Friday, January 8, 2010

The Passing of George Leonard

My friend, Pam Kramer, President of ITPI (Integral Transformative Practice International), sent this, which you may be interested in. George Leonard was a great contributor to the consciousness movement and to transformation in general. I had the privilege of seeing him at a pre-Christmas gathering here in Marin County, and am very grateful for that.

George Leonard, 1923 - 2010

As many of you may already know, ITPI co-founder and human potential pioneer George Leonard passed away early January 6th, with his wife, Annie, at his side. George had a profound effect on all of us through his vision, writing, teaching, and friendship. We celebrate him by carrying forward his extraordinary creation of ITPI through our practice, relationships, and service in the world.

We would like to share some highlights from George’s remarkable life, drawn from the article that appeared in the Marin Independent Journal. A past president of the Association for Humanistic Psychology, he was the author of numerous books, essays and articles on human possibility and social change, and coined the term "human potential movement" in his book The Transformation.

A former senior editor of Look magazine, George won 11 national awards for education writing during his stint at the national publication, from 1953 to 1970. He helped Look win the first National Magazine Award in 1968 for his reporting on the civil rights movement. Called a "legendary editor and writer" by Psychology Today, George was one of the first journalists to recognize the youth movement that flowered in California in the 1960s, producing a special Look issue titled Youth of the Sixties: The Explosive Generation. Published in 1962, five years before San Francisco's Summer of Love, it foretold the social and political idealism and upheaval that was to come.

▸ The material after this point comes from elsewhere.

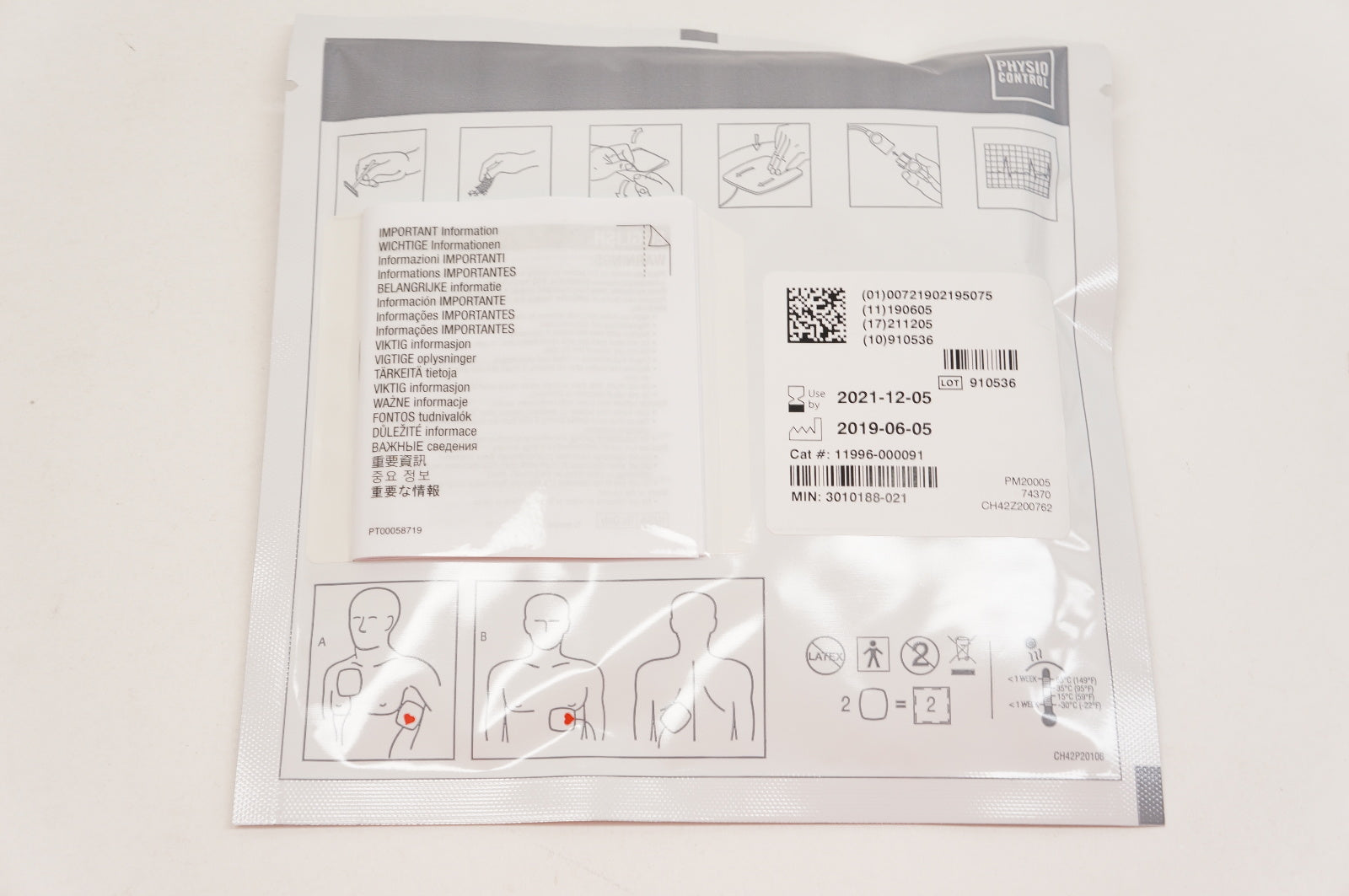 Physio-Control 11996-000091 QUIK-COMBO Adult Pacing Defibrillation ECG-Box of 10

A president emeritus of Esalen Institute, he and Esalen founder Michael Murphy, a friend for 45 years, co-authored The Life We Are Given, chronicling a two-year experimental class in Integral Transformative Practice (ITP), which they created to realize the potential of body, mind, heart, and soul. ITP groups are now active in the United States and abroad.

A fifth-degree black belt in aikido, George co-founded Aikido of Tamalpais and wrote the The Ultimate Athlete in 1975, which helped shape the fitness boom. He also developed Leonard Energy Training, an aikido-inspired practice that teaches alternatives to dealing with everyday pressures and stress. The LET Manual, which includes numerous LET exercises, was published in 2008. American health magazine has called him "the poet philosopher
of American health in its broadest sense." During World War II, he served as a fighter pilot in the Southwest Pacific Theater and as an analytical intelligence officer during the Korean War. He moved to Marin County in 1980.

"He was one of America's great social observers, not only for his breadth, but for his depth. He was a prophetic journalist, a true warrior in the paradigm wars, a visionary philosopher and, finally, a creator of transformative practices, bringing it down to earth. You could say he was a Renaissance man."